Nanang Pipa valiantly contrived to block out these details even though they were soon retailed in large print by all the tabloids. Meanwhile something like a genuine hysteria was beginning to build up in the barrio.
People
said…
People said no human agent could have done such a thing. Who’d ever heard of an entire body being sucked hollow before? People said it was unquestionably a
manananggal.
They said poor Eddie hadn’t been seeing things after all. They said they’d heard of cases like this before in Iloilo, in Bohol, in Camarines, in Negros… People said it was a demon the Chinese had placed to stand guard over the dead in their cemetery, come to take revenge on Eddie and anyone else in San Clemente who’d messed with the tombs and stolen water and electricity. People said Eddie’s accomplices, especially Bats and Judge, would be the next to go. And indeed Bats and Judge were nowadays seldom seen outside their houses where they were holed up, white-faced and clinking with crucifixes. People said.

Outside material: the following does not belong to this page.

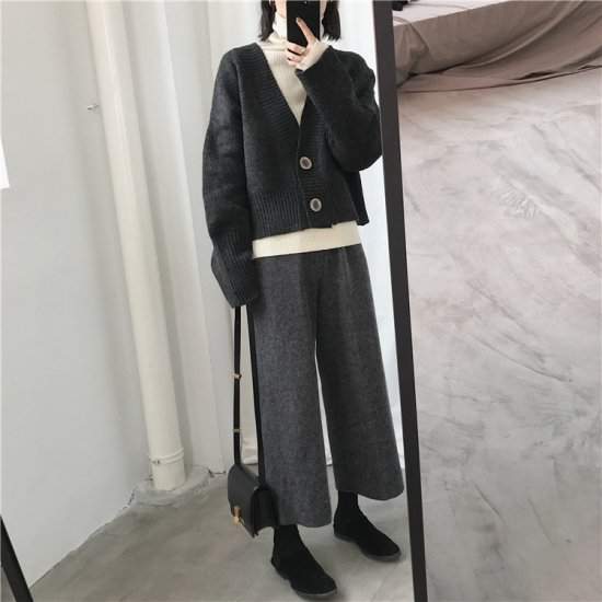 オルチャン韓国売れ筋 冬物 カーディガンニット シンプル Vネック ショート丈 カジュアル キャンパス
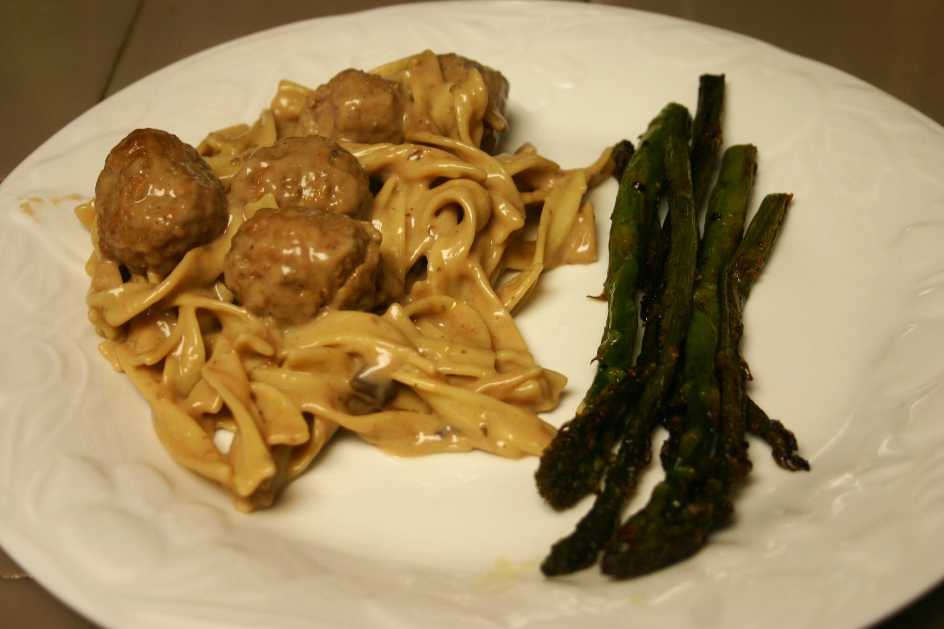 Mix noodles and meatballs together, pulling noodles through sauce to coat well. Serve with Asparagus or other desired vegetable and enjoy.

And the more people said, the more Nanang Pipa managed somehow to keep a clear head, asking them where they’d first heard it. In a few days her suspicions were confirmed and she had passed them on to Rio Dingca. The grossest rumours, the direst predictions eagerly taken up by the tabloid reporters had come from Ligaya Rosales. Dingca kept missing this woman whom he was now very anxious to interview and suspected she was lying low somewhere outside the barrio. Then one day he and Benhur Daldal caught her in a
sari-sari 
store down by the Kapilang, thanks to an informer. He recognised her at once, arrested her on the spot, took her down to Station 14 handcuffed to the grab handle of his jeep, booked her and threw her into a cell. Later, he went back up and told Nanang Pipa that Ligaya was already wanted for jumping a
5,000 bail some months back while awaiting trial for trying to abduct a child in Harrison Plaza.